- **WHAT TO WORK ON**
Your copy should begin at the line containing "지난해에는 완도읍 소가용, 노화읍" and end at the last line of the records; transcribe those lines exactly and leave out every picture.

- **EXTRACTED DATA**
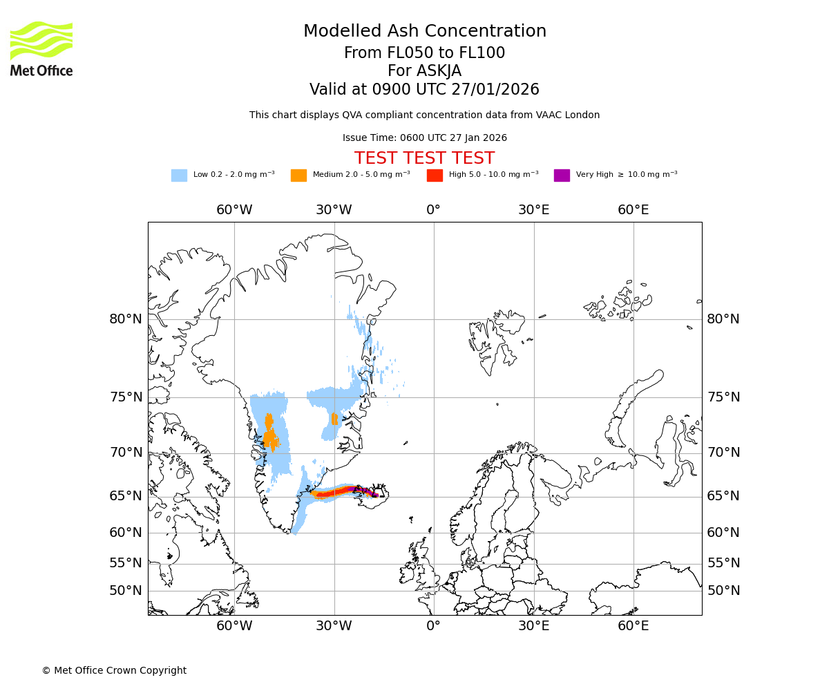 Modelled ash concentration from 000 to 050 for ASKJA. Valid at 0900 UTC 27/01/2026
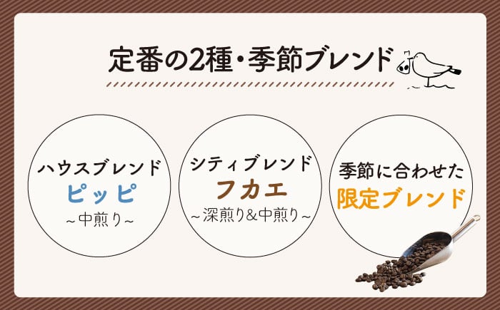 定番ブレンドコーヒー2種150g+季節ブレンドコーヒー150gを毎月1回、6ヶ月連続でお送りします。
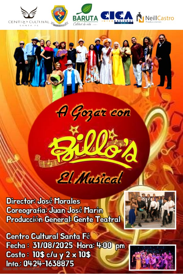 Aquiles Nazoa decía: “Creo en el sortilegio de la música” Esta frase se materializa en el musical “A gozar con Billo’s”. La orquesta de Billo siempre supo cómo encantarnos, y este espectáculo logra capturar esa magia, esa capacidad de hacernos sonreír y de movernos al ritmo de la vida.
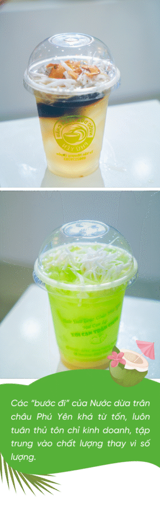nCác “bước đi” của Nước dừa trân châu Phú Yên khá từ tốn, từ những cái đơn giản nhất như tìm hiểu về đồ uống để update thực đơn, gần như thương hiệu phải trải qua quy trình kỹ càng, nghiêm ngặt.
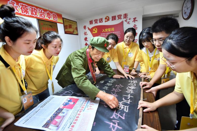 11月8日,全国第21个记者节,福建师大协和学院学生记者站党支部全体党员来到位于福州市仓山区的黄以孟党员志愿服务站,与抗美援朝老战士黄以孟一起出主题黑板报,共话理想责任,以实际行动学习宣传贯彻党的十九届五中全会精神。(协和学院)
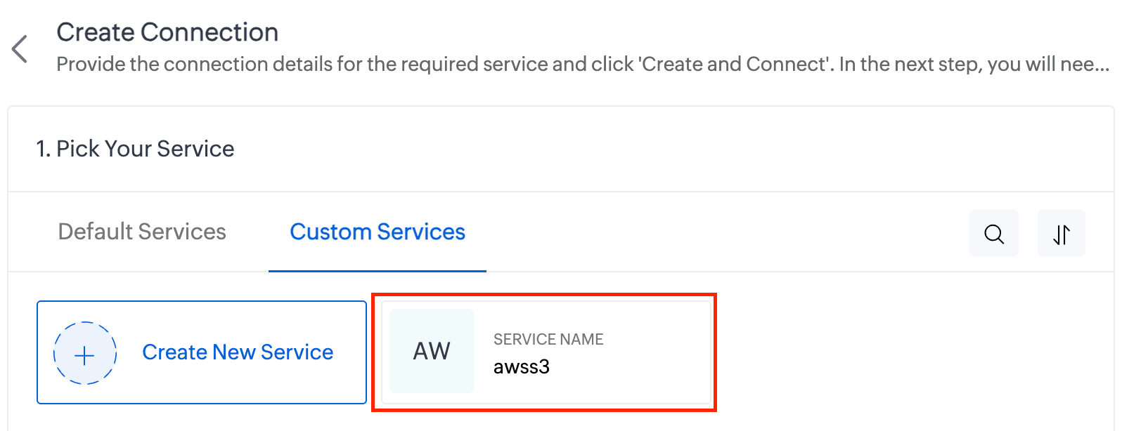- On the Create Connection page, go to Custom Services under Pick Your Service and select awss3.
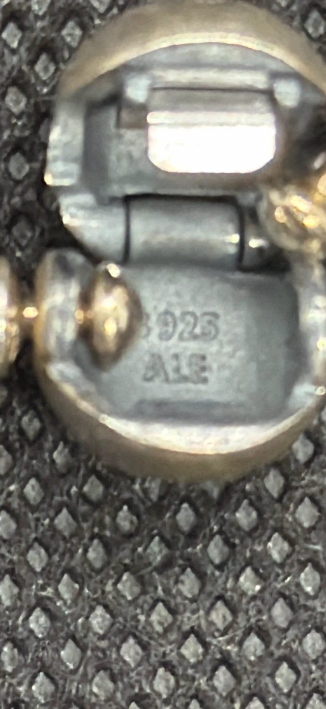 This is a Pandora sterling silver mesh bracelet. It features a branded clasp with "925 ALE" hallmarks. The mesh design gives it a unique texture.
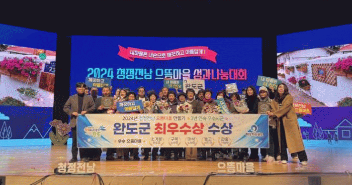 지난해에는 완도읍 소가용, 노화읍 구목·마삭, 신지면 동고, 약산면 관중 마을이 ‘우수 으뜸 마을’로 선정됐고, 2022년부터 2024년까지 3년 연속 우수 시군으로 선정됐다.
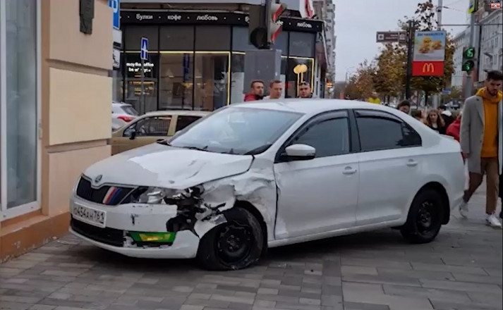 Разбитая машина остановилась на тротуаре в нескольких сантиметрах от стены здания. По данным Telegram-канала Don Mash, внутри белой легковушки находились три человека.В отделе пропаганды регионального ГИБДД подтвердили факт ДТП в центре города и сообщили, что никто из людей в столкновении автомобилей, к счастью, не пострадал.

- **ANSWER**
 지난해에는 완도읍 소가용, 노화읍 구목·마삭, 신지면 동고, 약산면 관중 마을이 ‘우수 으뜸 마을’로 선정됐고, 2022년부터 2024년까지 3년 연속 우수 시군으로 선정됐다.
 Разбитая машина остановилась на тротуаре в нескольких сантиметрах от стены здания. По данным Telegram-канала Don Mash, внутри белой легковушки находились три человека.В отделе пропаганды регионального ГИБДД подтвердили факт ДТП в центре города и сообщили, что никто из людей в столкновении автомобилей, к счастью, не пострадал.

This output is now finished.